_THE TASK_: With the pictures left out, reproduce exactly the lines running from the line with "Enter the YouTube, Vimeo" to the last line of the material below.

_DATASET SECTION_:
━━━━━━

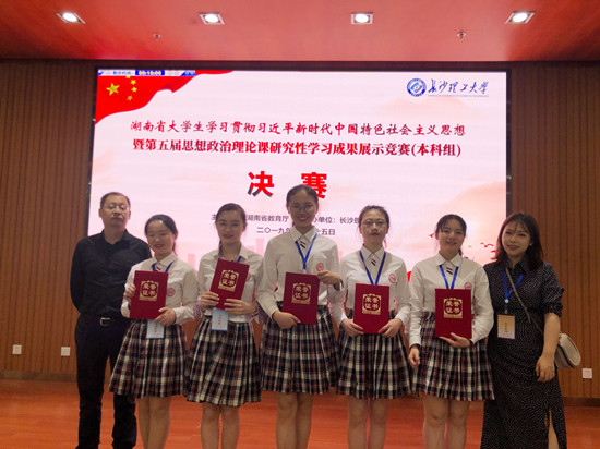 5月25日,由湖南省教育厅举办的“湖南省大学生学习贯彻习近平新时代中国特色社会主义思想暨第五届大学生思想政治理论课研究性学习成果展示竞赛决赛(本科组)”在长沙理工大学举行。经过校内初赛、复赛重重遴选,来自我校文传院739班的刘雨晨、张薇、张占鑫、钟志芳、陈昱伶五位同学代表我校参加并获得了二等奖(指导老师:肖彦、肖霄)。
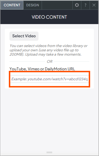 Enter the YouTube, Vimeo or Dailymotion video URL into the Editor.
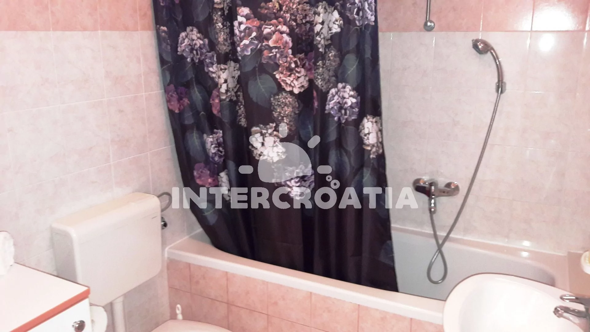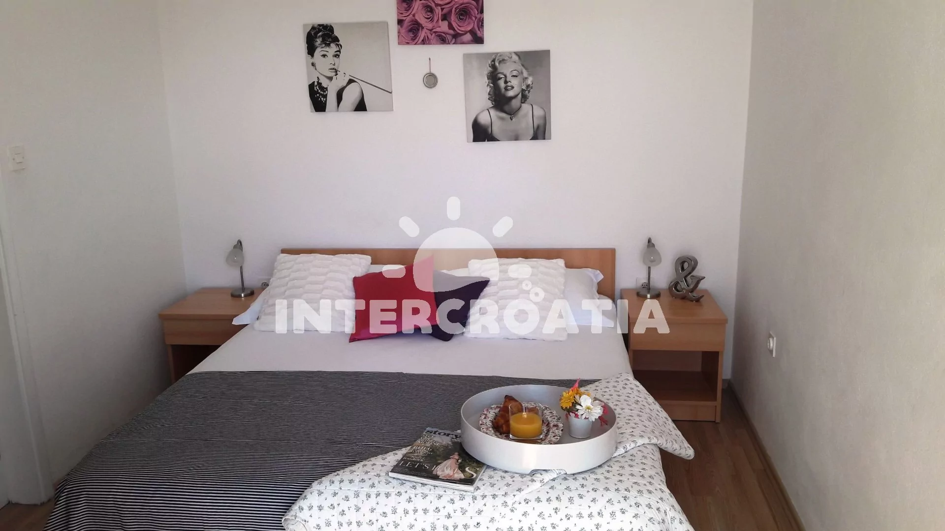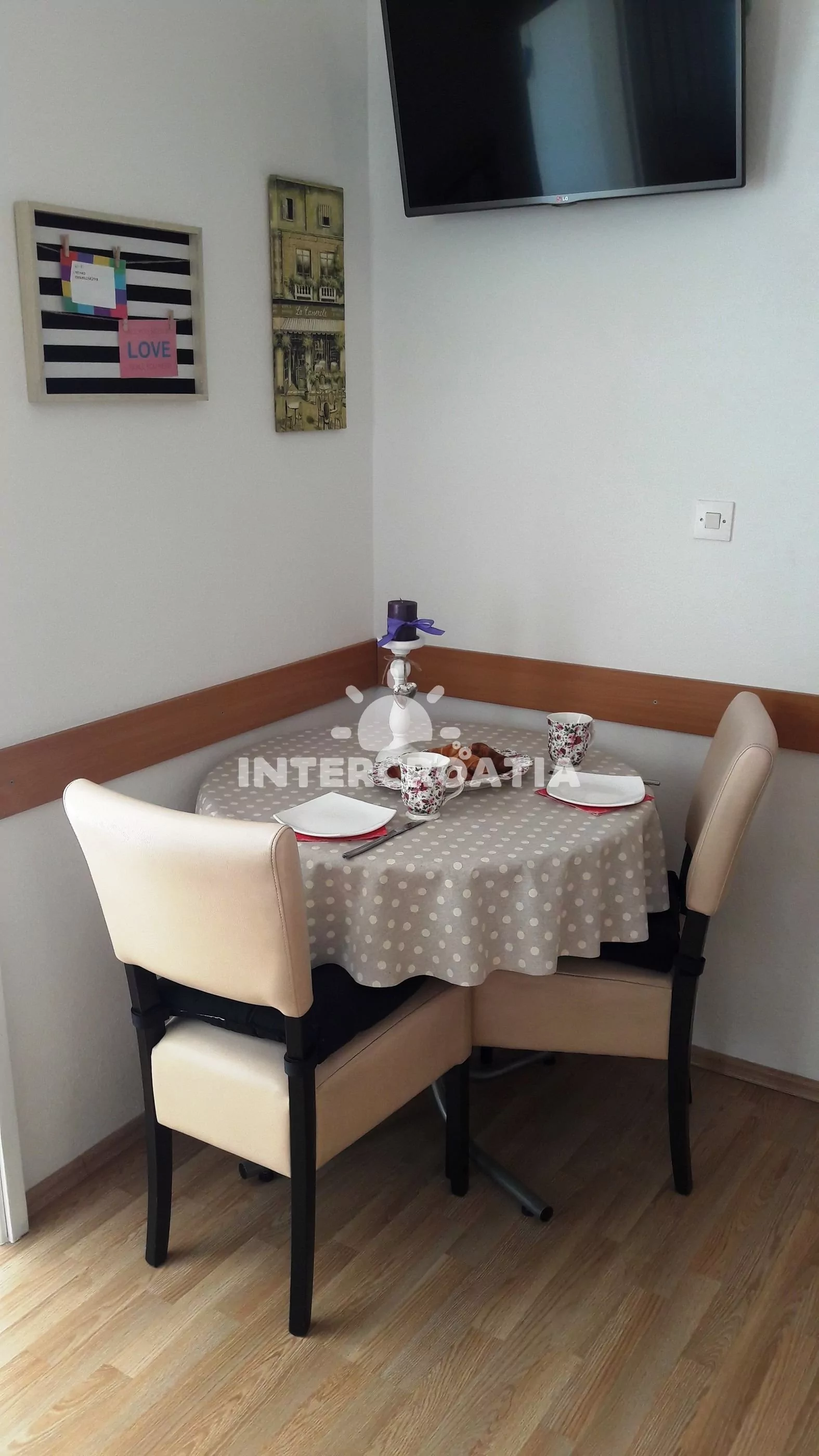 Apartmán pro 2 až 4 osoby, s bočním výhledem na moře a venkovním posezením, se nachází v druhém patře domu. Obývací místnost je spojena s kuchyní. Kuchyňská linka je vybavena elektrickým dvouplotýnkovým sporákem, rychlovarnou konvicí, kávovarem, toustovačem, nádobím a chladničkou s mrazákem. Obývací místnost s jídelním stolem, televizí se satelitním programem a dvěma přistýlkami (extra lůžka pro 2 osoby). Ložnice s jedním dvoulůžkem. Koupelna se sprchovým koutem, umyvadlem, fénem a wc. Hostům je dále k dispozici balkon s posezením, klimatizace, WiFi, žehlička, radio a parkování u objektu zdarma.

━━━━━━

_EXERCISE ANSWER_:
 Enter the YouTube, Vimeo or Dailymotion video URL into the Editor.
 Apartmán pro 2 až 4 osoby, s bočním výhledem na moře a venkovním posezením, se nachází v druhém patře domu. Obývací místnost je spojena s kuchyní. Kuchyňská linka je vybavena elektrickým dvouplotýnkovým sporákem, rychlovarnou konvicí, kávovarem, toustovačem, nádobím a chladničkou s mrazákem. Obývací místnost s jídelním stolem, televizí se satelitním programem a dvěma přistýlkami (extra lůžka pro 2 osoby). Ložnice s jedním dvoulůžkem. Koupelna se sprchovým koutem, umyvadlem, fénem a wc. Hostům je dále k dispozici balkon s posezením, klimatizace, WiFi, žehlička, radio a parkování u objektu zdarma.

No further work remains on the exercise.